═══ Dataset records ═══

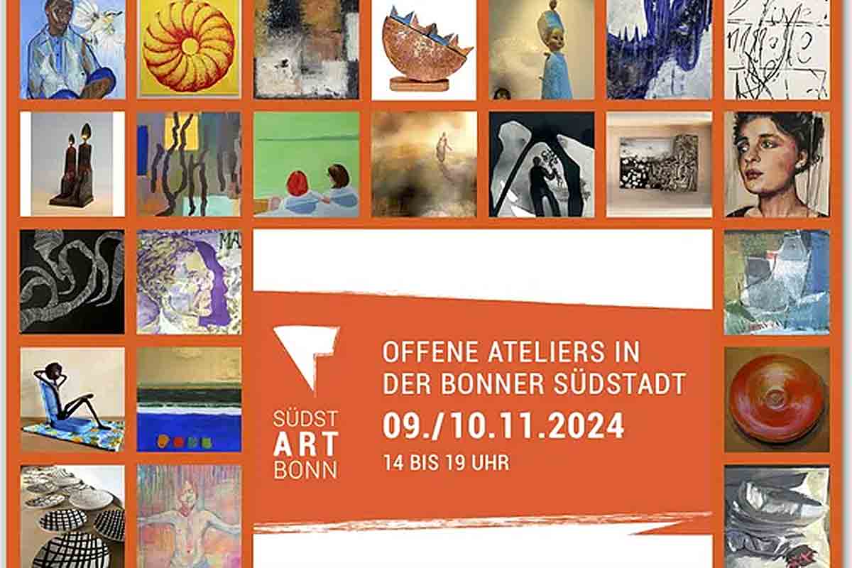 Bonn. Sa, 9. und So, 10. Nov. 40 Künstler:innen der „SüdstART“-Gemeinschaft zeigen in 20 Werkstätten ihre Werke und freuen sich auf den Austausch mit interessierten Besucher:innen. Der kultige Rundgang gibt Einblicke in vielfältiges Kunstschaffen. Infos: www.suedstart.de |
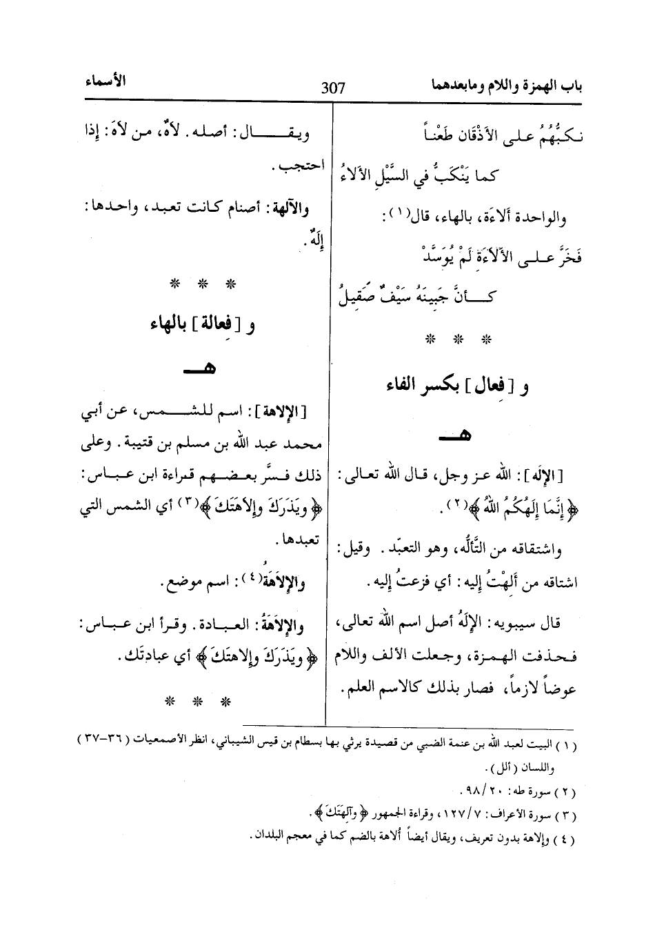 (1) البيت لعبد اللّاه بن عنمة الضبي من قصيدة يرثي بها بسطام بن قيس الشيباني، انظر الأصمعيات (36 - 37) واللسان (ألل).
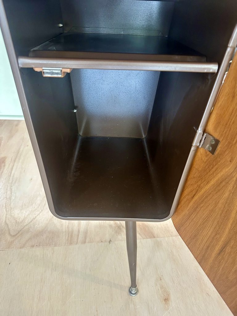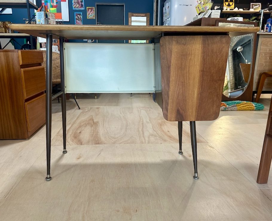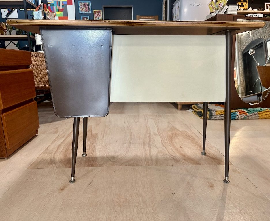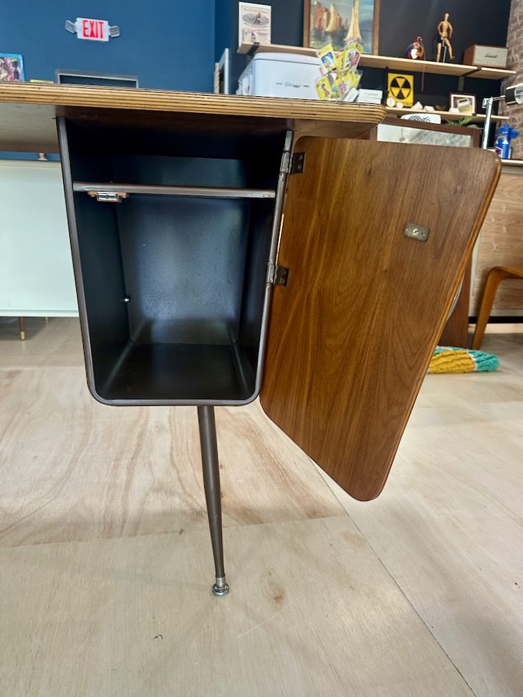 This is a great desk straight out of a 1950s classroom. Sturdy with nice walnut hinged door to hide belongings and a nearly indestructible faux wood formica top.
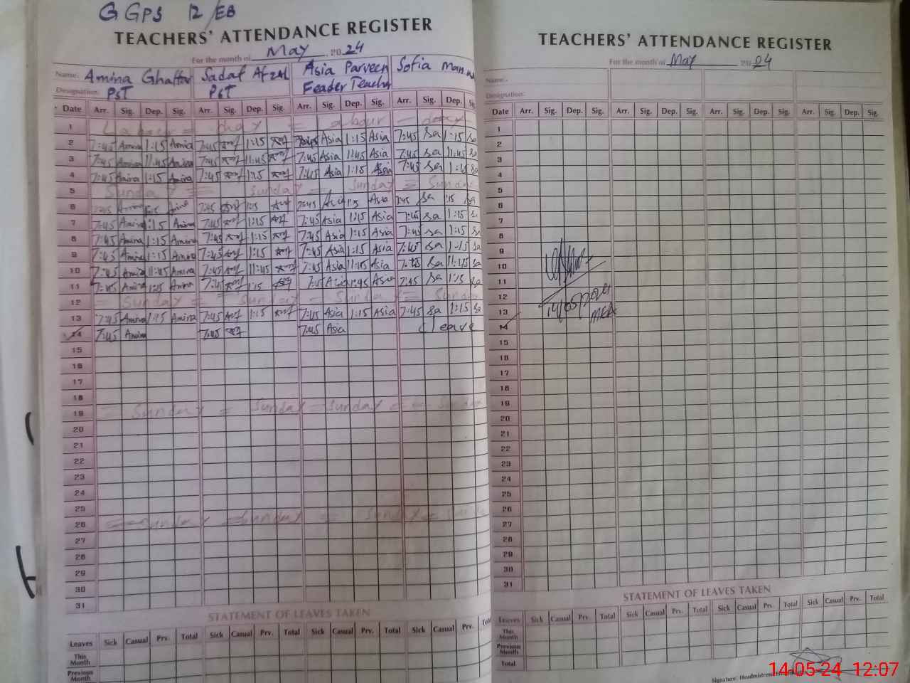| Name: AM**** GH**** Designation: (School Headmaster's/Headmistress's) PST Phone/Cell Number: 03**** |
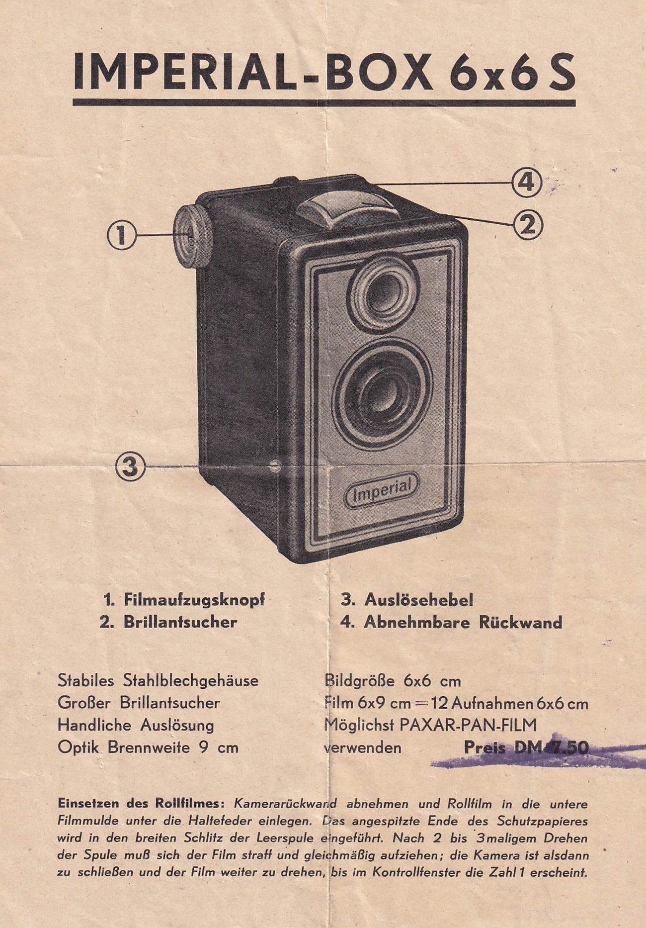 Boxkamera für das Aufnahmeformat 6 x 6 cm auf Rollfilm 120, hergestellt von Carl Braun, Nürnberg, ab 1951. Meniskus Frontlinse, Einfachverschluss, Stahlgehäuse (auch als Sondermodell für die Kaufhaus-Marken Reporter und Nimco). Da das 6 x 6-Format eine Unterscheidung zwischen Quer- und Hochformat überflüssig macht, besitzt die Kamera nur einen einzigen, fest eingebauten Brillantsucher. Sie nähert sich damit dem Erscheinungsbild einer zweiäugigen Spiegelreflexkamera an.
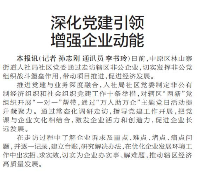 日前,中原区林山寨街道人社局社区党委通过走访辖区非公企业,切实发挥非公党组织战斗堡垒作用,带动项目推进,促进经济发展。(今日《郑州日报》2版)
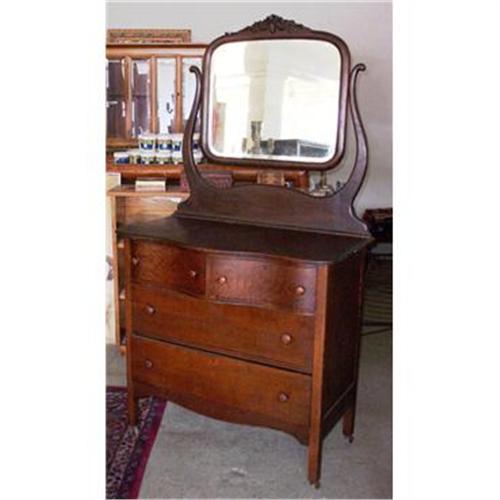 <table width="100%" border="0" cellspacing="0" cellpadding="4"><tr><td><em> </em></td></tr><tr> <td width="100%"> This dresser with mirror may date to the early 1900s and features a dark mahogany stained wood and a curvilinear design. The top of the mirror also features a carved design at its center. This dresser contains four drawers, two small drawers on top, and two larger drawers below them. The drawers all contain key holes, but there is no key with this piece. The dresser also contains caster wheels at its base, and the mirror may be detached for easy moving from one room to another. This piece is in very good condition for its age--there are some tiny, barely noticeable chips in the finish on the dresser, but other than this, the piece is in excellent shape. Shipping costs will be calculated at the time of purchase (as costs will vary depending on the location of the buyer) at the best possible rate. </td></tr><tr> <td> </td></tr><tr> <td>Reference #: RAF5170</td></tr><tr><td>Condition:very good</td></tr><tr><td>Year:early 1900s</td></tr><tr><td>Height:71</td></tr><tr><td>Depth:20</td></tr><tr><td>Width:38</td></tr><tr><td>Title:Dark Stained Dresser With Mirror</td></tr><tr><td>Materials:wood, mirror</td></tr><tr><td>Location:Marion, SC</td></tr></table>

═══

#### The problem:
Set down every entry exactly; omit the pictures.

#### Exercise output:
 Bonn. Sa, 9. und So, 10. Nov. 40 Künstler:innen der „SüdstART“-Gemeinschaft zeigen in 20 Werkstätten ihre Werke und freuen sich auf den Austausch mit interessierten Besucher:innen. Der kultige Rundgang gibt Einblicke in vielfältiges Kunstschaffen. Infos: www.suedstart.de |
 (1) البيت لعبد اللّاه بن عنمة الضبي من قصيدة يرثي بها بسطام بن قيس الشيباني، انظر الأصمعيات (36 - 37) واللسان (ألل).
 This is a great desk straight out of a 1950s classroom. Sturdy with nice walnut hinged door to hide belongings and a nearly indestructible faux wood formica top.
| Name: AM**** GH**** Designation: (School Headmaster's/Headmistress's) PST Phone/Cell Number: 03**** |
 Boxkamera für das Aufnahmeformat 6 x 6 cm auf Rollfilm 120, hergestellt von Carl Braun, Nürnberg, ab 1951. Meniskus Frontlinse, Einfachverschluss, Stahlgehäuse (auch als Sondermodell für die Kaufhaus-Marken Reporter und Nimco). Da das 6 x 6-Format eine Unterscheidung zwischen Quer- und Hochformat überflüssig macht, besitzt die Kamera nur einen einzigen, fest eingebauten Brillantsucher. Sie nähert sich damit dem Erscheinungsbild einer zweiäugigen Spiegelreflexkamera an.
 日前,中原区林山寨街道人社局社区党委通过走访辖区非公企业,切实发挥非公党组织战斗堡垒作用,带动项目推进,促进经济发展。(今日《郑州日报》2版)
 <table width="100%" border="0" cellspacing="0" cellpadding="4"><tr><td><em> </em></td></tr><tr> <td width="100%"> This dresser with mirror may date to the early 1900s and features a dark mahogany stained wood and a curvilinear design. The top of the mirror also features a carved design at its center. This dresser contains four drawers, two small drawers on top, and two larger drawers below them. The drawers all contain key holes, but there is no key with this piece. The dresser also contains caster wheels at its base, and the mirror may be detached for easy moving from one room to another. This piece is in very good condition for its age--there are some tiny, barely noticeable chips in the finish on the dresser, but other than this, the piece is in excellent shape. Shipping costs will be calculated at the time of purchase (as costs will vary depending on the location of the buyer) at the best possible rate. </td></tr><tr> <td> </td></tr><tr> <td>Reference #: RAF5170</td></tr><tr><td>Condition:very good</td></tr><tr><td>Year:early 1900s</td></tr><tr><td>Height:71</td></tr><tr><td>Depth:20</td></tr><tr><td>Width:38</td></tr><tr><td>Title:Dark Stained Dresser With Mirror</td></tr><tr><td>Materials:wood, mirror</td></tr><tr><td>Location:Marion, SC</td></tr></table>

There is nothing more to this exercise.